Re: Comments on: "Character Set" Considered Harmful

Bob Jung (bobj@netscape.com)
Wed, 26 Apr 95 21:14:51 EDT

At 2:07 PM 4/22/95, Larry Masinter wrote:
>> While this helps content providers to get their documents rendered correctly,
>> we do not see this as a total solution. We need a way to label within HTML,
>> so that documents can be self-labeling and easier for content developers to
>> add this info.
>
>The general resistance to labelling character set within the document
>itself is that it doesn't work for things that are not consistent with
>US-ASCII, e.g., unicode-1-1-ucs2 (or whatever it will be called).

Yes, most popularly used character code set encodings are ASCII supersets.
Are there any examples of ones that are not?

Since Unicode is not really being used today in HTML, couldn't we stipulate that
Unicode HTML use UTF8 encoding? If so, then this would not be an issue.

One drawback to UTF8 in that the size of Asian characters size expand. But
mono-lingual documents could still use the national encodings (JIS, GB, KSC,
Big5, etc.) and this would also avoid the Unicode unified CJK rendering
problem. Like it or not, these encodings will have to be supported because of
the amount of existing data.

>For example, you could have your server use a file naming convention:
>
>file.html.utf8 => file.html in unicode-1-1-utf8
>file.html.iso-2022-jp => file.html in iso-2022-up
>
>This is simple enough for content developers to deal with, and doesn't
>muck up either the standard or the protocol.
>
>Of course, there are lots of other ways to associate similar
>meta-information with documents (.meta files, etc.), but since you're
>already using 'file name' to indicate content-type, loading more of
>the content-type information into the file name seems reasonable.

I'm not convinced that this is reasonable. It seems that we don't want to start
loading up file extensions with a lot more info. Is "charset" an exception?
What do others think?

(Another minor point, is that Windows filesystems have the 8byte filename
+ 3byte extension limitation. But will anyone use these for servers anyway?)

If we must support canonical Unicode, we could have a special filename
extension for it and leave the extensions for other HTML files alone:

file.html.ucs Canonical Unicode
file.html All other character code set encodings
(ASCII supersets)

>Another alternative is to allow content developers to store things in
>some kind of canonical form with the MIME header as well as the
>content, e.g., look for 'mime-version' in the head of the file you're
>going to serve, and then use that header to override whatever the
>server defaults might be.

This "canonical form" would just be a string of bytes that happen to
be equivalent to the ASCII string "mime-version: 1.0"?

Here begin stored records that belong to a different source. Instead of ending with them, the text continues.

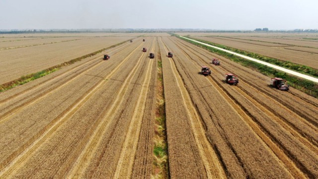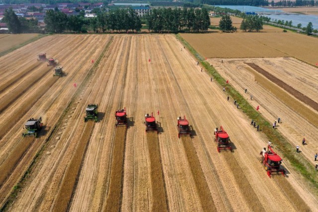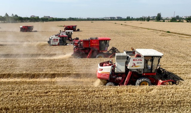 抢收压力较大的安徽从山东、江苏等地引入机具,“歇人不歇机”24小时抢收;由村干部、老党员组成的应急抢收服务队活跃在麦收一线,机动调配农机保障及时抢收。麦收高峰期,安徽日均投入收割机超过12万台,其中6月3日收获小麦997万亩,创历史新高。
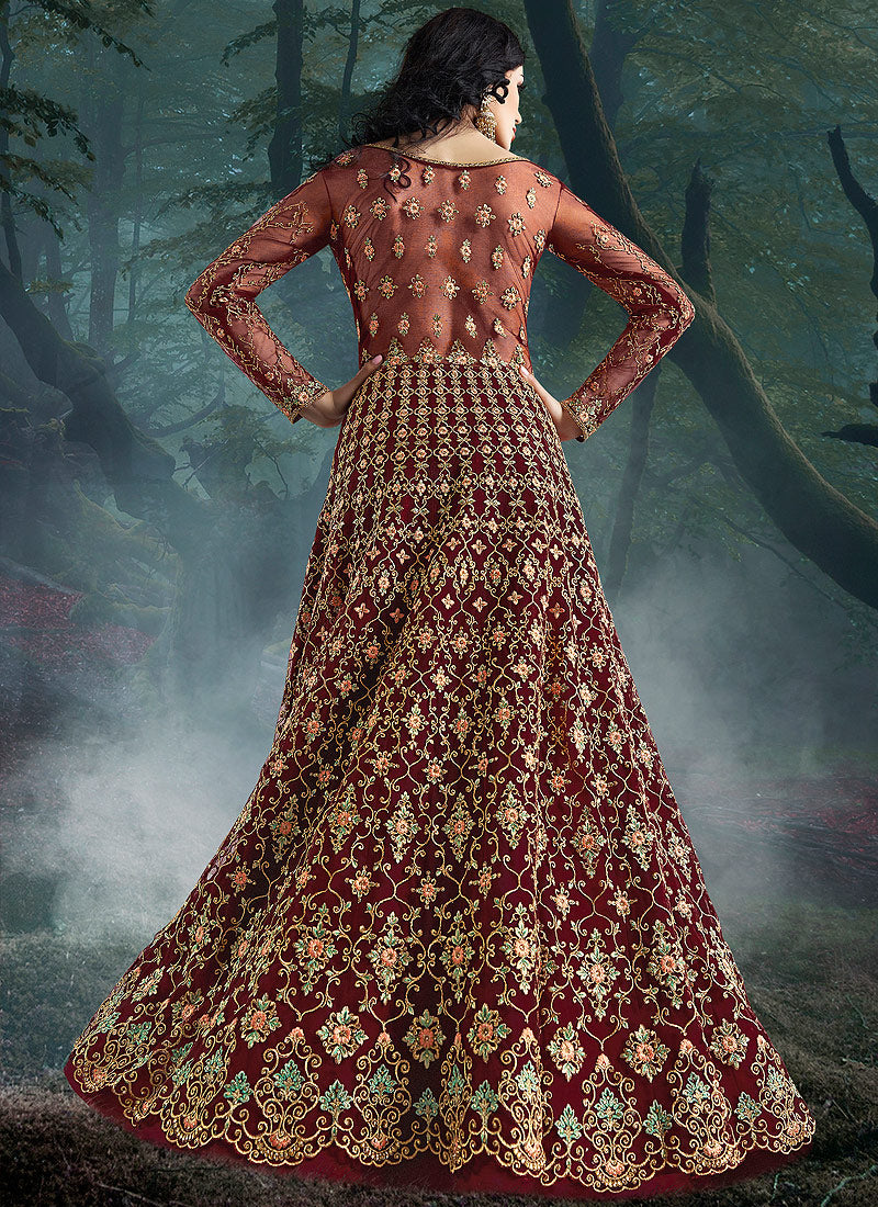 Red Wedding Lehenga Style Anarkali Suit is indian wear especially designed for elegance and glamorous style with its unique embroidered combination of zari, resham and stone work annotated perfectly on round cut net anarkali top with satin lining paired with solid bangalori silk lehenga bottom. This set also accompanies matching satin border and butti enhanced net dupatta. Style it gracefully with golden jewellery and stylish heels.
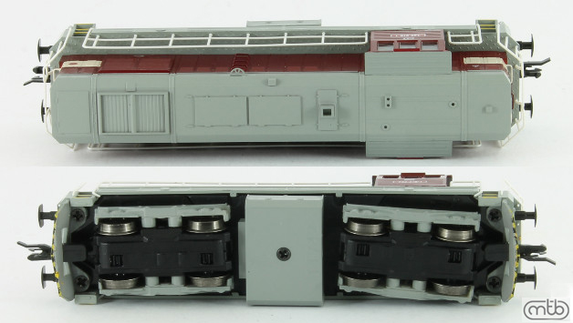 Kód   501826  [Lokomotivy] → [Motorové] → [T466.2/T448.0] → 501826: dieselová lokomotiva červená-krémová střecha, rám a pojezd

>================================================================
>mime-version: 1.0
>content-type: text/html; charset=iso-2022-jp
>
><HTML>
></html>
>================================================================
>
>All of these options satisfy your requirement without trying to put
>the labelling inside the HTML document itself, and have the additional
>advantage that they work with text/plain as well as text/html.

In this scenario the server would peek into the file, read and remove any
meta-info
and then send the rest of the file as HTML, right? The big problem is for local
files (file://). More and more data will be distributed on CD-ROMs and
you'd like
the same files to work via http:// or file://.

(Another minor problem is that you will need a authoring tool (editor), so that
content developers can preprend this ASCII meta-info to your Unicode HTML file.)

Do we care about docs of mixed encodings? With many Mac word processors, I
can create documents in mixed-encodings. The Mosaic-L10N folks have been doing
a lot of work with ISO-2022-xx encodings. X-windows has compound-text which
is similar to 2022. How do I put these types of data on the Web?

One answer is that these docs must be converted to some form of Unicode
(ucs, utf8).

Another answer is to support have encoding tags. I don't really feel
strongly either
way, but we should consciously make this decision.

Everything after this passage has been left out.